В других странах Европы также возникли полуфашистские движения вроде бельгийских «рексистов» и румынской «Железной гвардии», в которых отчетливо проявился религиозный элемент[485]. В каждом случае были свои причины для возникновения подобных гибридов. За девяносто лет своего существования русская правая никуда не продвинулась. Она не пришла к демократии и не стала полностью фашистской. Но кое-какие перемены все же произошли: панславизм прошлого века в современном мире утратил свое значение и сменился русофильством. Некоторые московские интеллигенты многое заимствуют у неофашистской Nouvelle Droite. Подаются под новым соусом геополитика и евразийство, теория «жидомасонского заговора», переиначенная под «мондиализм», германская метафизическая философия, приправленная неоязычеством, но маловероятно, что они станут чем-то большим, нежели салонными играми горстки интеллигентов. Итак, русская правая не ушла далеко от «черной сотни», и тому есть исторические причины. Пока коммунизм был у власти и существовал Советский Союз, открытая проповедь расизма была невозможна. Даже во времена сталинизма она не совмещалась с марксизмом-ленинизмом. С точки зрения антикоммунизма это было бы самоубийством, ибо белые в конечном счете стояли за единую и неделимую Россию. Но вот коммунизм обанкротился, Советский Союз развалился, и возник политический вакуум. Не верится, однако, что его заполнят идеи русского фашистского движения. Советские руководители ограждали народ от избыточной информации о нацизме и итальянском фашизме: за полвека на эти темы было опубликовано всего несколько не очень внятных книг, а многие аспекты фашизма запрещено было даже упоминать. Но и самый неосведомленный русский знает, что Гитлер был плохим человеком, что нацисты считали русских (не только коммунистов) недочеловеками, убивали их миллионами и нанесли стране колоссальный ущерб. Все это укоренилось в народной памяти слишком глубоко, чтобы ныне можно было допустить возрождение нацизма. Самое большее, на что можно решиться (и это делается), — протащить национал-социализм через заднюю дверь, избегая всяких упоминаний о Гитлере, Муссолини и истории фашизма.

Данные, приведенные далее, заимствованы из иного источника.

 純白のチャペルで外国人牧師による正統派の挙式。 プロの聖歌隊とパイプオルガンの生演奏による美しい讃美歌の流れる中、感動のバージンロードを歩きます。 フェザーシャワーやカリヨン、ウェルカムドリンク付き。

Есть еще один фактор, затрудняющий проповедь чистокровного фашизма в сегодняшней России, и это, парадоксальным образом, — его сходство со сталинизмом. Русские ультраправые стоят за авторитарный режим, но культ личности, типа гитлеровского или сталинского, не может сегодня пропагандироваться в России — разве что среди самых отсталых слоев общества. То же самое, mutatis mutandis[486], относится и к «центральной роли» государственной партии — важной установке фашизма. У русских, во всяком случае на некоторое время, выработался иммунитет против «руководящей роли партии», под каким бы соусом она не подавалась. Дофашистские политические группы, подобные «черной сотне», существовали в разных странах, и у всех этих групп много общего. Уже упоминались их антилиберализм и антикапитализм. Они, как правило, военизированы и считают, что армии должна быть отведена центральная роль во внутренних и внешних делах. Другие типичные черты — миф об упадке и национальном возрождении, вера в органическое иерархическое государство, в исторический «особый путь» и историческую миссию.

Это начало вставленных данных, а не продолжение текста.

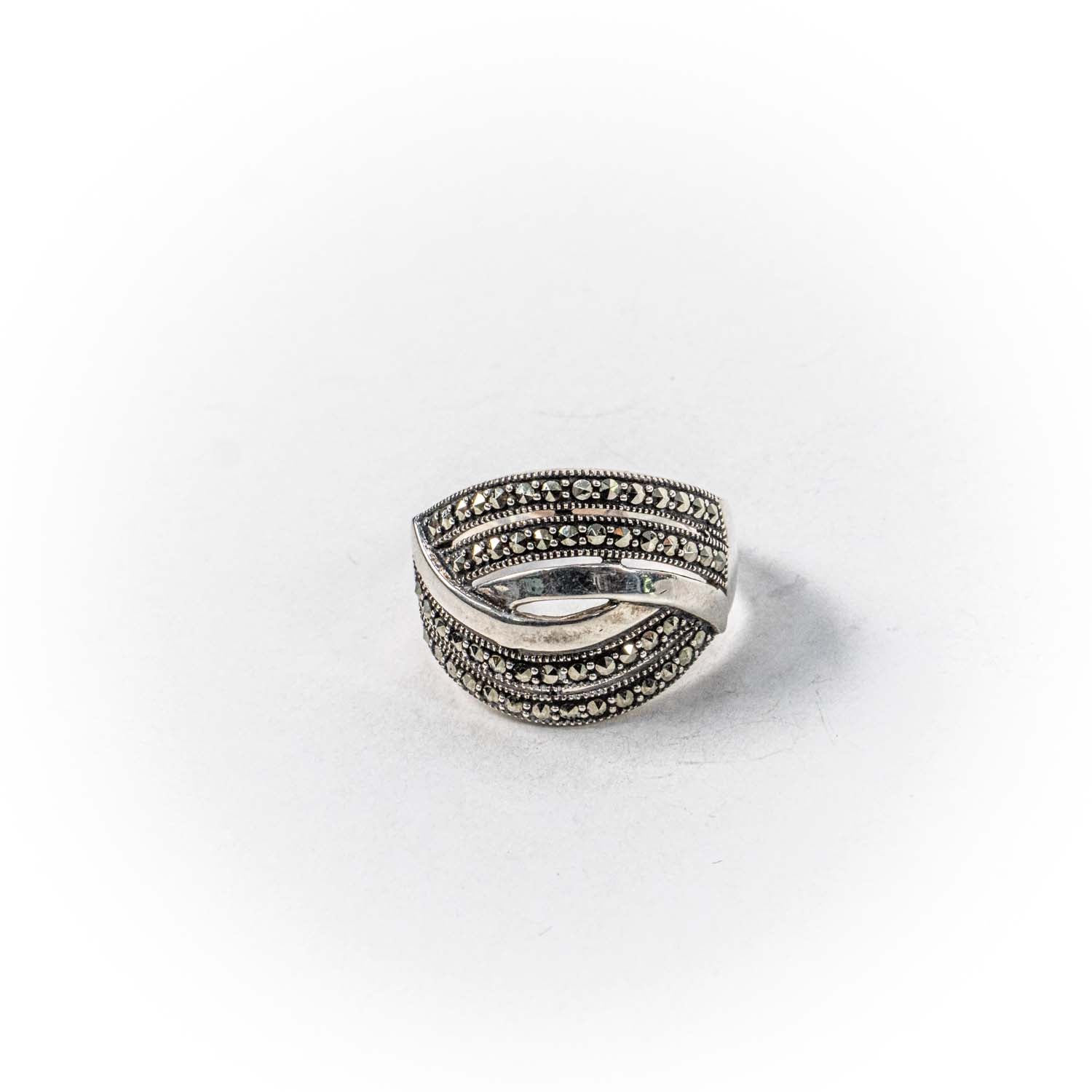 Inelul este decorat cu piatra marcasite, care adauga o nota subtila de culoare si distinctie.

Однако у русской правой есть и свои особенности — по меньшей мере, в расстановке акцентов. Это прежде всего сатанизм, вера в жидомасонский заговор и русофобию. Мы уже говорили, что всем фашистским, парафашистским и протофашистским движениям в той или иной мере была свойственна вера в заговоры; ни одна подобная группа не благоволила к евреям, масонам и отступникам от своей истории и культуры. Однако ни в какой другой стране, кроме России, ультраправые патриоты не были так загипнотизированы интригами и кознями врагов — обычно абсолютно мнимыми или, во всяком случае, преувеличенными. Что было причиной — атавистические страхи, ощущение неполноценности и несостоятельности перед лицом дьявольской враждебной силы или же особый, присущий русским, фанатизм? Но если бы такой фанатизм существовал, он проявлялся бы и еще как-то, а этого не было. Впрочем, в других странах тоже известны проявления ультранационализма в области культуры, сравнимые с нынешними российскими[487]. И все же нигде вера в заговоры не проявлялась столь выразительно.

Во Франции и Англии драматические события 1789–1793 годов породили в умах некоторых современников веру в гигантский заговор, составленный энциклопедистами, иллюминатами, масонами, иезуитами и различными космополитическими группировками. В Германии этот феномен проявился несколькими десятилетиями ранее; он сыграл важную роль в развитии немецкого консерватизма[488]. Однако самое позднее к середине XIX века западный консерватизм перерос эти фантазии. У них есть тенденция время от времени возвращаться, но не слишком надолго, и выживают они лишь на обочинах политической жизни. Фашизм находился под влиянием множества мифов, однако параноидальный страх перед заговорами никогда не занимал центрального места в его идеологий. Лишь в России эта тема приобрела (и продолжает сохранять) важнейшее значение.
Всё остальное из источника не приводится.